La préparation est triple. Il faut du matériel — et l’école n’a pas de laboratoire : tout repose sur des objets du quotidien, à réunir et à tester soi-même. Il faut un support pas à pas : une fiche qui guide l’élève du questionnement à la conclusion sans rien lui dicter. Et il faut absorber l’hétérogénéité : dans une même classe, certains lisent le protocole d’un trait, d’autres décrochent à la deuxième ligne.

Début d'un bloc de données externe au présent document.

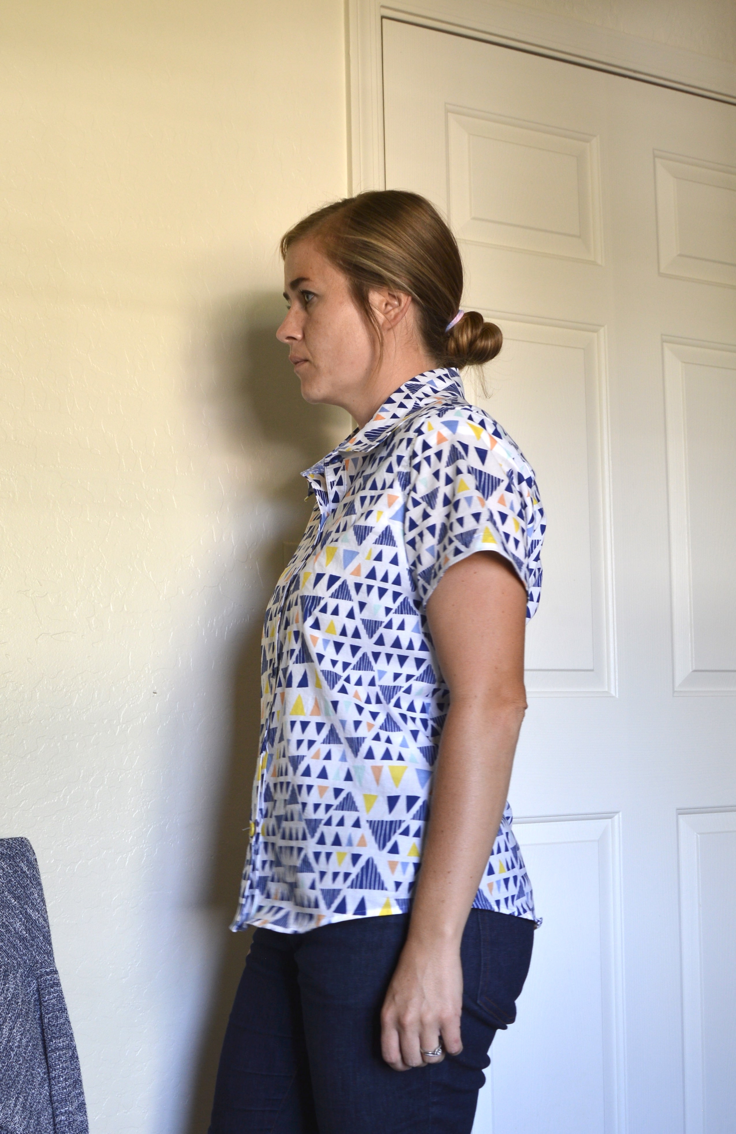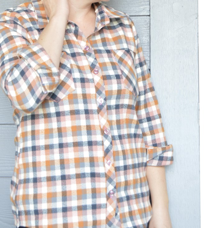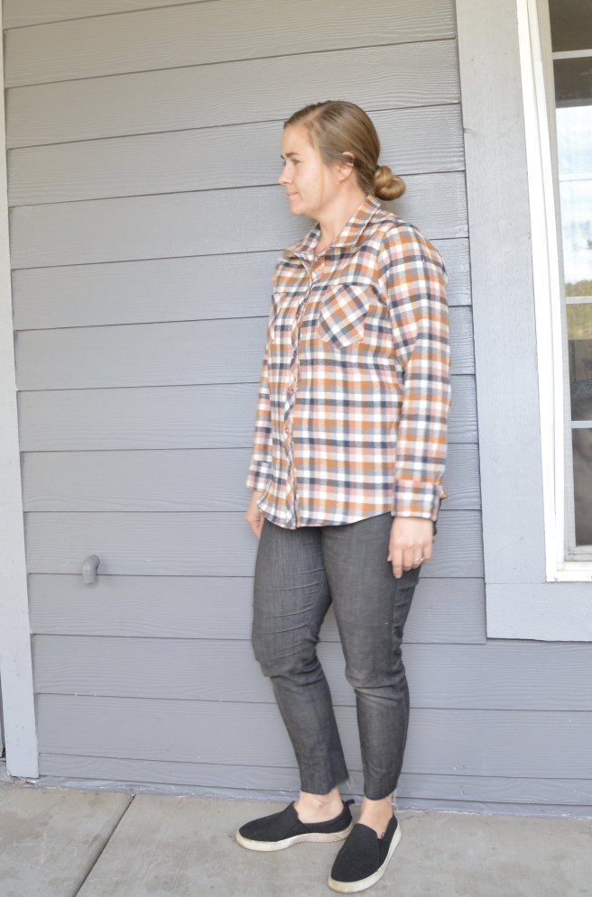 I always think it’s cool when patterns are kind of built to not use a serger (of course, I love my serger and also think it’s cool when patterns are built to be used with a serger. They each have their place). In any case, this pattern is made to be serger free! It gives instructions for how to do French seams on the insides, which I’m sure looks really nice. But I was so pleased with how the flat fell seams turned out in Ben’s shirt that I opted to do flat fell seams on my top too. There is plenty of seam allowance for any way you choose to finish your seams (and you can definitely still serge! I did on my muslin). I don’t have a picture of the insides, but they turned out really nice.
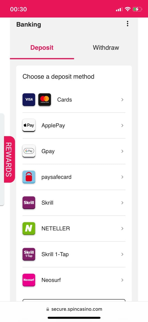 Spin Casino in New Zealand includes the most reputable deposit and withdrawal options, offering a safe and secure environment for online payments whether you use a desktop or mobile version of the site. Spin Casino uses SSL encryption software to keep players’ funds and information protected at all times.
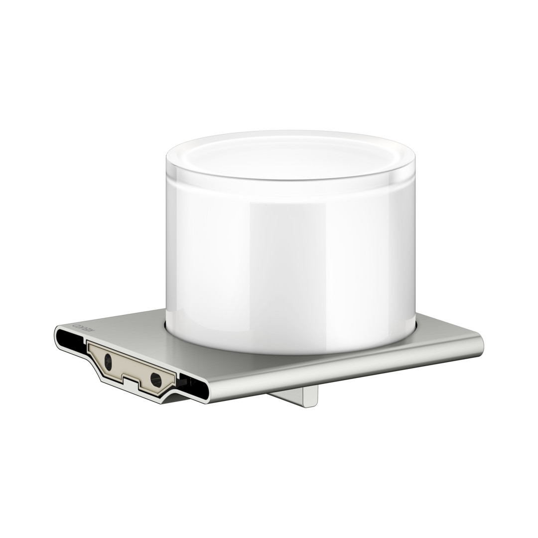 Füllmenge 150 ml, Dosiermenge 0,5 ml/Hub, Betätigung von unten, Befüllung von oben, Echtkristall-Stülpglas mattiert, verdeckte Befestigung, zum Schrauben, mit Befestigungs-Set
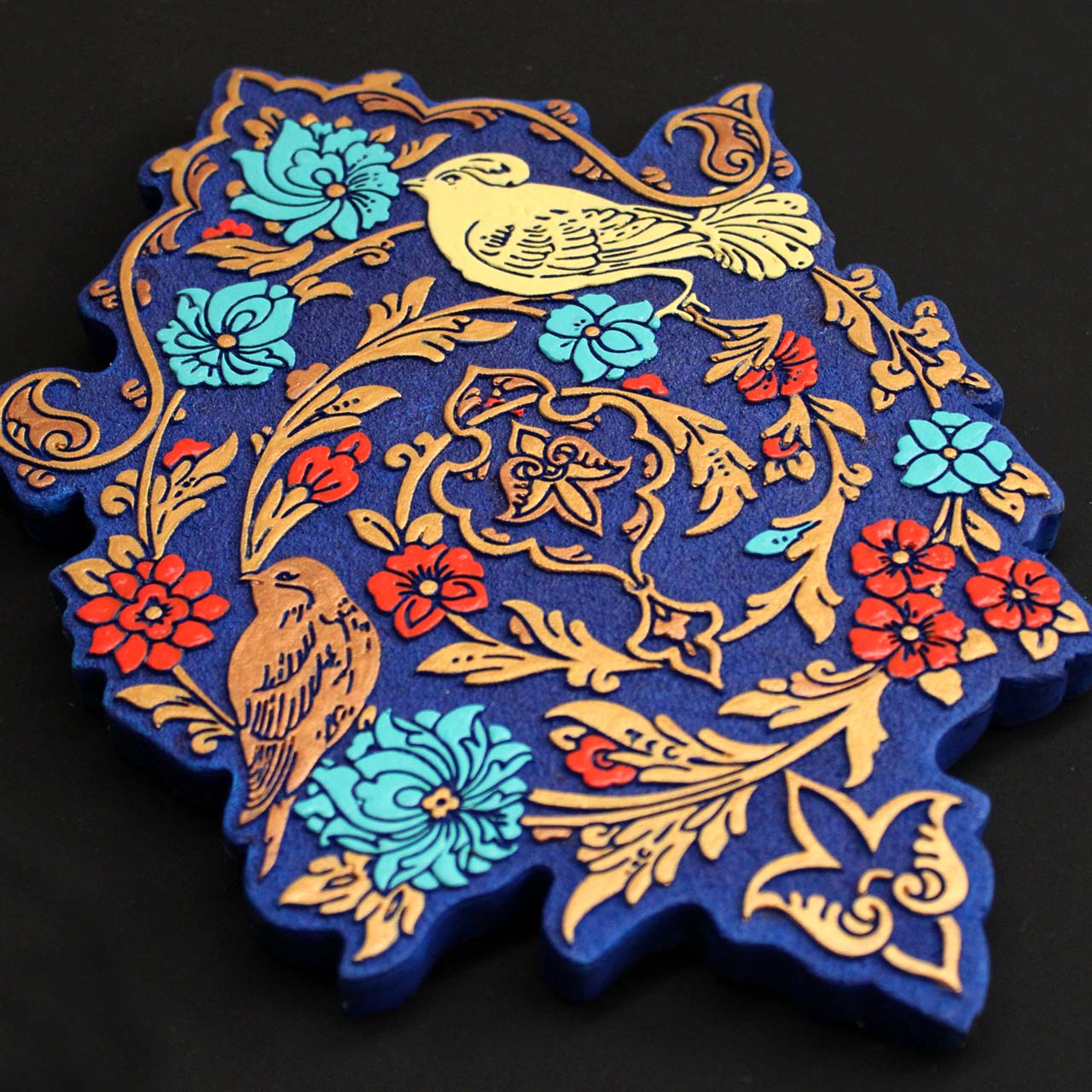 در این لوح نقش برجسته، گل و مرغ نماد موهبت الهی و تجلی ظریف و لطیف آفریدگار است. گفتگوی عاشقانه گل و مرغ نیز به تسبیحگویی خداوند و ذکر حق تشبیه میشود. گل مقام معشوق را دارد و پرنده (مرغ)، عاشق. همچنین نامگذاری گل به اسم گل محمدی نشان دهنده ارتباط و هماهنگی با فرهنگ اسلامی و متبرک شدن به نام پیامبر رحمت للعالمین و عطر خوش گل محمدی است.

C’est exactement le type de préparation où l’IA aide en coulisses. Elle propose des variantes de séquence, rédige la fiche d’investigation, liste le matériel avec ses substitutions, construit la grille d’observation. Vous vérifiez, vous ajustez, vous installez les postes. Vos élèves, eux, manipulent. Quatre prompts suivent.
L’Essentiel en 30s
- Préparer juste : trois variantes de séquence d’investigation sur une notion, chacune avec sa question scientifique formulée pour les élèves et son matériel du quotidien
- Outiller l’investigation : une fiche élève complète, de l’hypothèse à la conclusion, qui structure chaque étape de la démarche
- Décliner : la même fiche en 2-3 niveaux de lecture, pour que chacun suive le protocole à son rythme
- Observer : une grille de séance avec critères de manipulation, indices de réussite et notes pour la suite
Ce que l’IA ne remplace pas : la manipulation réelle, la sécurité des expériences, la vérification scientifique des contenus et l’évaluation des élèves — toujours humaine.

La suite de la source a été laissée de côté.